Size: 67 Pages Transcript
Format: Originally recorded 4 sound discs. Reformatted in 2010 as 14 digital wav files. Duration is 4 hr., 38 min.
Summary: An interview of Dorothy Gill Barnes conducted 2003 May 2-7, by Joanne Cubbs, for the Archives of American Art, at the artist's home, in Worthington, Ohio, as part of the Nanette L. Laitman Documentation Project for Craft and Decorative Arts in America.

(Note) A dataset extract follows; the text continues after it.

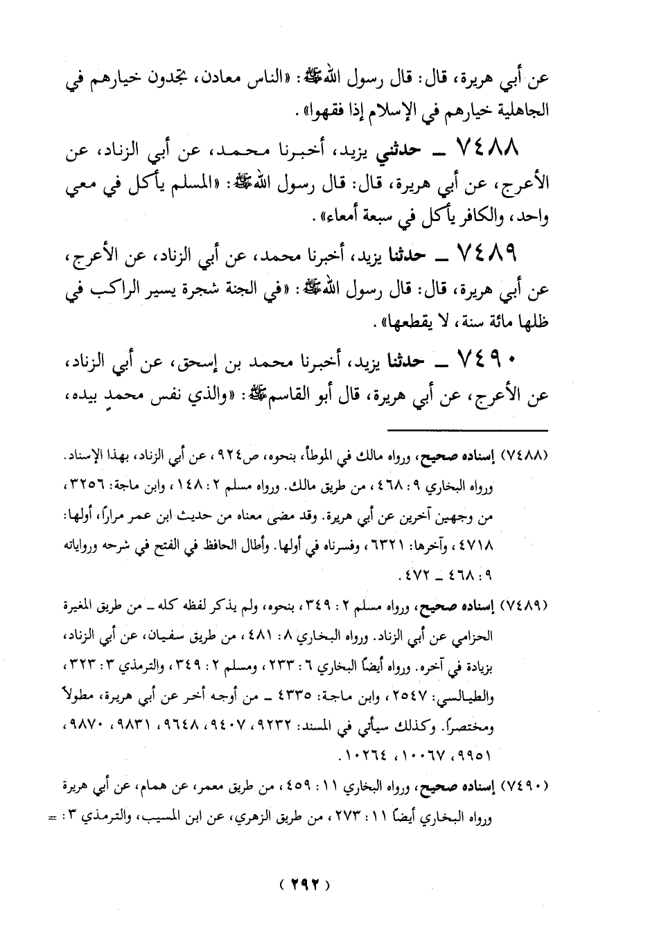 (7490) إسناده صحيح، ورواه البخاري 11: 459، من طريق معمر، عن همام، عن أبي هريرة ورواه البخاري أيضاً 11: 273، من طريق الزهري، عن ابن المسيب، والترمذي 3: =

Barnes speaks of her childhood in Iowa; studying art at Coe College, Minneapolis School of Art, University of Iowa, and Cranbrook Academy of Art; her experiences teaching art in a junior high school, college, and at workshops; the role of her family in her artistic career; she describes shows in the 1970s that inspired her interest in basketry, including the Lausanne Biennale, the Miniature Textile Exhibition in London and "In Praise of Hands" at the Ontario Science Centre, Toronto, 1974; the benefits of craft schools in arts education; her travels in Australia, New Zealand, Spain, France, China, and Honduras; collaborations and apprenticeships; her involvement in "Weave a Real Peace," a community aspiring to "improve the world through textiles"; women and ethnicity as inspiration; her reverence for nature and her knowledge and respect for trees; her working environment in her studio and in the woods; the elements of play and experimentation in her work; her use of dendroglyphs; the role of universities in the craft movement; critiques from various audiences and in periodicals; the value of a photo archive; she explains how the material and traditions in basketry influence her art; the difficulty and beauty of working with organic materials; the evolution of her work; her exhibition history; her political and social activities; her involvement in national and local organizations; the importance of timing as part of her artistic process; her use of power tools and collaborators; and she concludes with a statement about the National Basketry Organization. She recalls John Schulze, Audrey Flack, Osma Gallinger Tod, Jane Sauer, Ed Rossbach, Pat Hickman, Lillian Elliot, David and Judy Drew, Jack Lenor Larsen, Jiro Yonezawa, Elsabe Dixon, and others.